Looks good aegt5000 you did another great job of restoring a piece of history.:thumbsup:


----------



## bontai Joe

Your tractor looks GREAT! Are the rear weights attached to the frame stock? I've never seen that configuration before. Do they interfer with the rear hitch? Great job on the cab!


----------



## jeremysbarlow

Nice job Anthony... another incredible restoration. What is next?
Jeremy


----------



## aegt5000

Jody…
This one wasn’t a restore, more like a face lift.

bontai Joe…
The rear weights are the same 15hp electric motor rotors that I use
on the GT5000. Each weighs about 33lbs. The mounting plate is 
homemade from 1/2“ plate and 1-1/4“ threaded rods. 
When the weights are on you can’t attach anything to the back of
the tractor. (That’s why I need 6 tractors)


----------



## aegt5000

Thanks Jeremy,

Your new decals are a BIG part of it.
The oversided Green attachment decals really make the cab.
Thank you for offering to make them.


----------



## Argee

All I can say is WoW!! That is impressive looking...Nice Job:thumbsup: on the whole look....WoW:worthy:


----------



## memmurphy

It looks like brand new from the showroom floor. It's almost too pretty to get dirty.  

Mark


----------



## John-in-Ga

Aget500,

You get too much snow fer that tractor are you run out of firewood, thus finding yourself in need of warmer chimes, you’ll be welcome to come down here and do a face lift on one of my tractors. You’d probably do two face lifts at once. On my tractor and one on me. Well, I’ll be smiling big. Guess, you could say that would be a face lift. 
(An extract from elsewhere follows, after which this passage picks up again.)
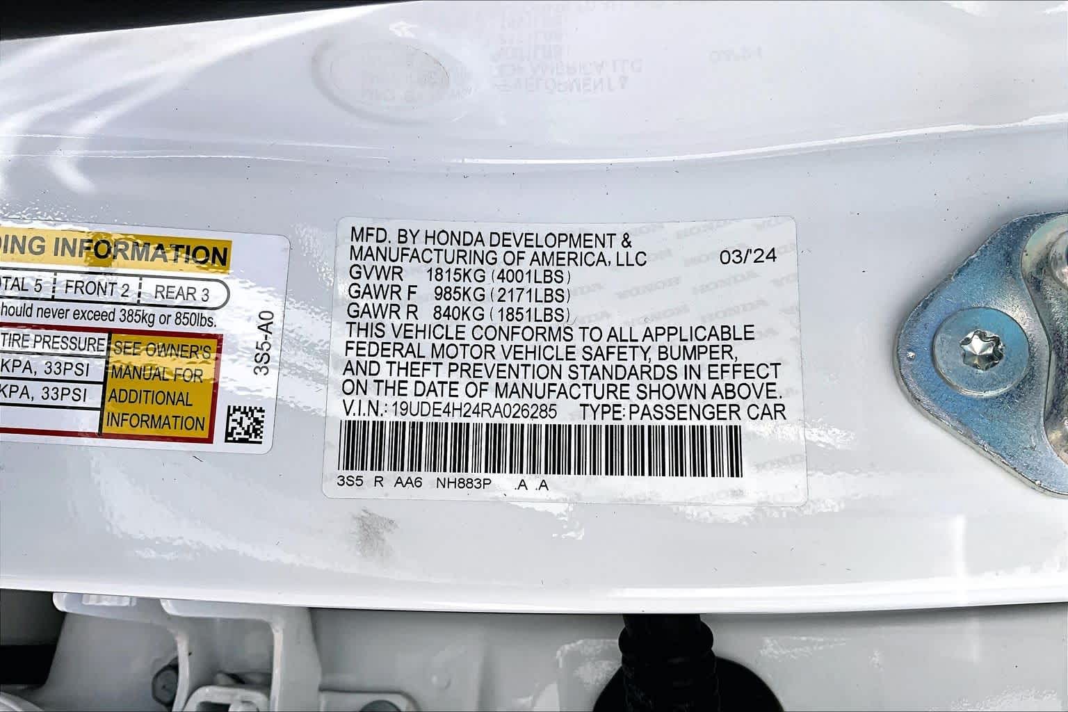 19UDE4H24RA026285Stock #
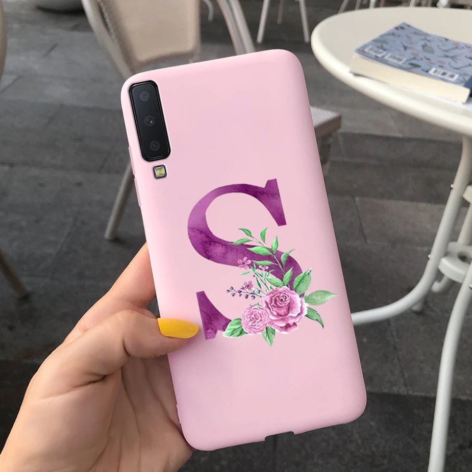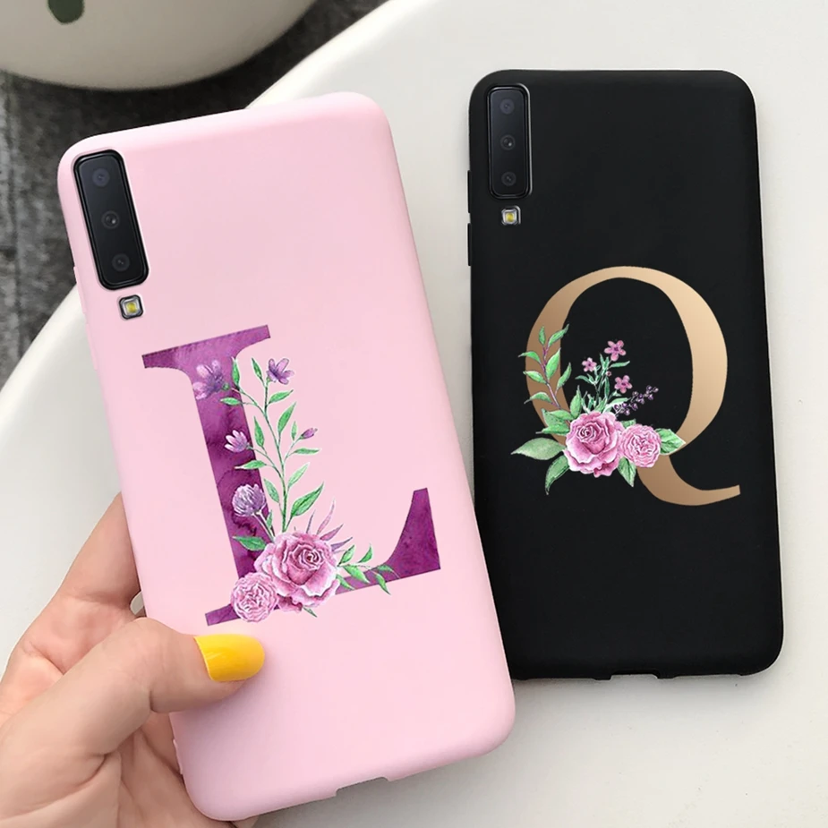Funda con letras del alfabeto para Samsung Galaxy A7 2018, funda trasera suave y delgada para Samsung A 72018 A750F, fundas para teléfono, parachoques

Great looking tractor. Great looking wood pile. Hope you stay warm and can keep that tractor looking good all winter long.

:cpu:


----------



## Ingersoll444

WOW AWSOME job!! Looks like you just rolled it of the showroom floor.:thumbsup: :thumbsup:


----------



## bontai Joe

> _Originally posted by aegt5000 _
> *Jody…
> This one wasn’t a restore, more like a face lift.
> 
> bontai Joe…
> The rear weights are the same 15hp electric motor rotors that I use
> on the GT5000. Each weighs about 33lbs. The mounting plate is
> homemade from 1/2“ plate and 1-1/4“ threaded rods.
> When the weights are on you can’t attach anything to the back of
> the tractor. (That’s why I need 6 tractors) *


Nothing wrong at all with neding 6 tractors, except for those that need more  I've got 3 opps, 4 and have a possibility at a 5th. That would make 4 Deeres and 1 Bolens. I asked about your weights, because it almost looks like it could be a stock setup.

Jeremy,
Nice decals!!!! Do you do other brands? or strictly Bolens?


----------



## snowmower

Holy Moly, she's a beauty!!!
Very nice.

Any chance we'll be seeing her in action soon?

SnowMower


----------



## jeremysbarlow

Bontai Joe,
I only have Bolens decals at this time. I just added the HT23 decals, with Anthony as my first customer. I also carry the 650, 750, 850, 1050 and 1250 - with more to follow in 2005. Thanks for the comments.
Jeremy

Bolens Decals


----------



## Rodster

That is one great looking job. Thanks for posting the pictures.
Rodster


----------



## guest2

Looks great!!!

But I do have one complaint!! I feel cheated!! I would really like to see the step by step photos as the tractor went from "before" to "after" Maybe over the winter when you have everything finished, you could fill in the missing photos?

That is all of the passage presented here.